I have loved Katrina since before I ever knew she would be mine.  It has been such a joy to see her transform from a scared and angry baby to a sweet, secure, and joyful toddler.  She amazes me every day!

Becoming Katrina’s mom has not only made me fall in love with her, but it has made me love our family even more.  Seeing my boys love her and take care of her has brought me so much pride and happiness.  It makes me love my husband more to see him cherish our little girl.

I can not imagine life without our little girl.  She is our princess.  I am so excited to see the amazing plans God has for her.  I am so blessed to be chosen to be her mother!

Wednesday, April 27, 2011

My Greatest Expansion

As I contemplate my life there is really one one word that perfectly describes it.  Expanding!  It seems things are always expanding in my life. In 2009 I went from being just a mom to a homeschool mom. I am constantly finding more things that seem to expand; from my role at church to my children's eating habits.

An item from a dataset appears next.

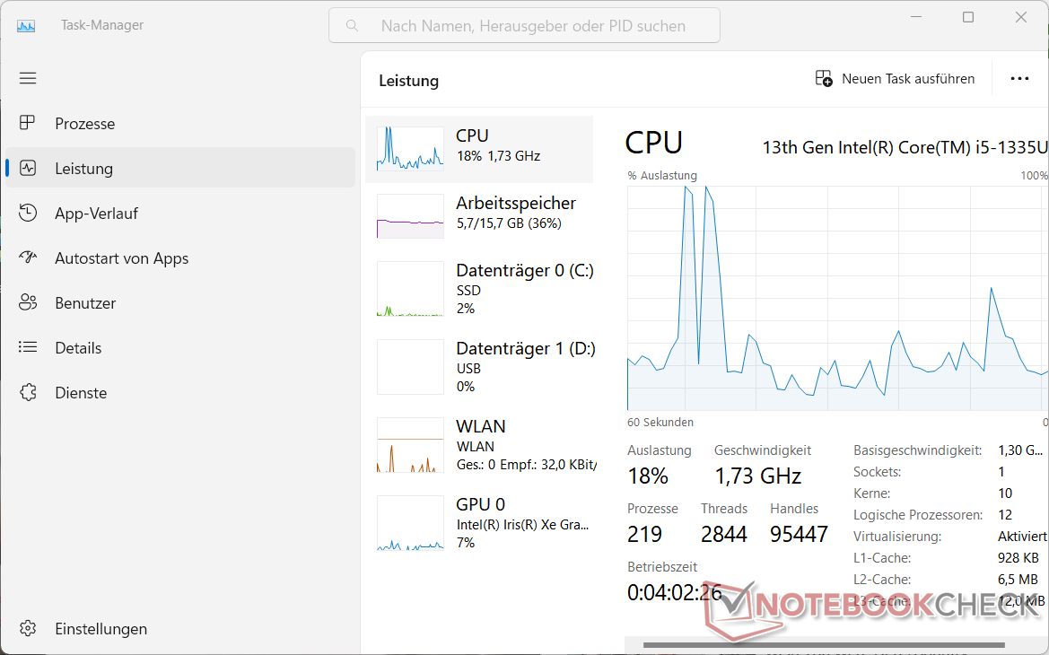 Überzeugen kann hingegen der verbaute Mittelklasse-Prozessor aus der Raptor-Lake-U-Generation. Der Intel Core i5-1335U zeigt sein Können und legt eine solide Performance hin. Auch die iGPU performt über dem Schnitt.

My greatest yet is that in October of 2010 I became an adoptive mother.  In September of 2010 her 17 year old birth mother asked me to take her!  Four weeks later my 8 month old daughter was in my arms. What a rollercoaster that was and still is!  She has filled our lives with joy but it wasn't easy.  She came to us with a lot of anger issues (yes at 8 months), feeding issues, over-medicated, and sleep deprived. I thank God he brought her into our arms when He did.  She has come from being a very cranky, melancholy, unhappy, unhealthy baby to a sweet, giggly, happy, and healthy toddler.

Since this is my first blog, I will keep it short and sweet.  Thanks for reading!